▶ **What you need to do**
Where the listing below has a line with "科技创新与国家现代化。郭俊佑", write out exactly that line and every line after it, stopping after the line with "在歌声里追寻闪耀的红星,在旋".

▶ **Exercise materials**
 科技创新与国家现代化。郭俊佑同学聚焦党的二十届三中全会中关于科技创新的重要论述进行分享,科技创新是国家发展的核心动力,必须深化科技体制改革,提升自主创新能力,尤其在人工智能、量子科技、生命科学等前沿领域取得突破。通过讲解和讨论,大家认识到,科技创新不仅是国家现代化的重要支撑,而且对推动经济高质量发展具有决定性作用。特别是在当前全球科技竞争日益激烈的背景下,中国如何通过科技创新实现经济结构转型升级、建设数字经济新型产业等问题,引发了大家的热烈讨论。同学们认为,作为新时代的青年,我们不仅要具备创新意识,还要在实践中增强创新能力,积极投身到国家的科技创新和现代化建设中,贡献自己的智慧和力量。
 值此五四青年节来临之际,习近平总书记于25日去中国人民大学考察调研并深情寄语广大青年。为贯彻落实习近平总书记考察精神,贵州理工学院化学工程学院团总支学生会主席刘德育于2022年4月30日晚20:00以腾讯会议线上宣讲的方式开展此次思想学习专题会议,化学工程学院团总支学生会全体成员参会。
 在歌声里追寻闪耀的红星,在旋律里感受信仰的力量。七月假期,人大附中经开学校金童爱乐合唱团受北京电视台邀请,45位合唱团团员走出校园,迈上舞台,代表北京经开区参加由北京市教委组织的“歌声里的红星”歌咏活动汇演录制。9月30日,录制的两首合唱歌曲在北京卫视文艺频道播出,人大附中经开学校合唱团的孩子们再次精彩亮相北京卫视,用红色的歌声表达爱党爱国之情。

==

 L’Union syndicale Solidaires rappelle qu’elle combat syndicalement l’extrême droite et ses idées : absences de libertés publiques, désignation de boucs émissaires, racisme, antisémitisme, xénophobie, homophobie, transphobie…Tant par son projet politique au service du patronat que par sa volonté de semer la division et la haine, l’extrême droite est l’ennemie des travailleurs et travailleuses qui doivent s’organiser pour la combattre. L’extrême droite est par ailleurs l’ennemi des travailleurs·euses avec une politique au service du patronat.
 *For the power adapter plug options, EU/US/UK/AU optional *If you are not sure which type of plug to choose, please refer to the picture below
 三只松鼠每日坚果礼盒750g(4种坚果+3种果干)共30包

▶ **Task result**
 科技创新与国家现代化。郭俊佑同学聚焦党的二十届三中全会中关于科技创新的重要论述进行分享,科技创新是国家发展的核心动力,必须深化科技体制改革,提升自主创新能力,尤其在人工智能、量子科技、生命科学等前沿领域取得突破。通过讲解和讨论,大家认识到,科技创新不仅是国家现代化的重要支撑,而且对推动经济高质量发展具有决定性作用。特别是在当前全球科技竞争日益激烈的背景下,中国如何通过科技创新实现经济结构转型升级、建设数字经济新型产业等问题,引发了大家的热烈讨论。同学们认为,作为新时代的青年,我们不仅要具备创新意识,还要在实践中增强创新能力,积极投身到国家的科技创新和现代化建设中,贡献自己的智慧和力量。
 值此五四青年节来临之际,习近平总书记于25日去中国人民大学考察调研并深情寄语广大青年。为贯彻落实习近平总书记考察精神,贵州理工学院化学工程学院团总支学生会主席刘德育于2022年4月30日晚20:00以腾讯会议线上宣讲的方式开展此次思想学习专题会议,化学工程学院团总支学生会全体成员参会。
 在歌声里追寻闪耀的红星,在旋律里感受信仰的力量。七月假期,人大附中经开学校金童爱乐合唱团受北京电视台邀请,45位合唱团团员走出校园,迈上舞台,代表北京经开区参加由北京市教委组织的“歌声里的红星”歌咏活动汇演录制。9月30日,录制的两首合唱歌曲在北京卫视文艺频道播出,人大附中经开学校合唱团的孩子们再次精彩亮相北京卫视,用红色的歌声表达爱党爱国之情。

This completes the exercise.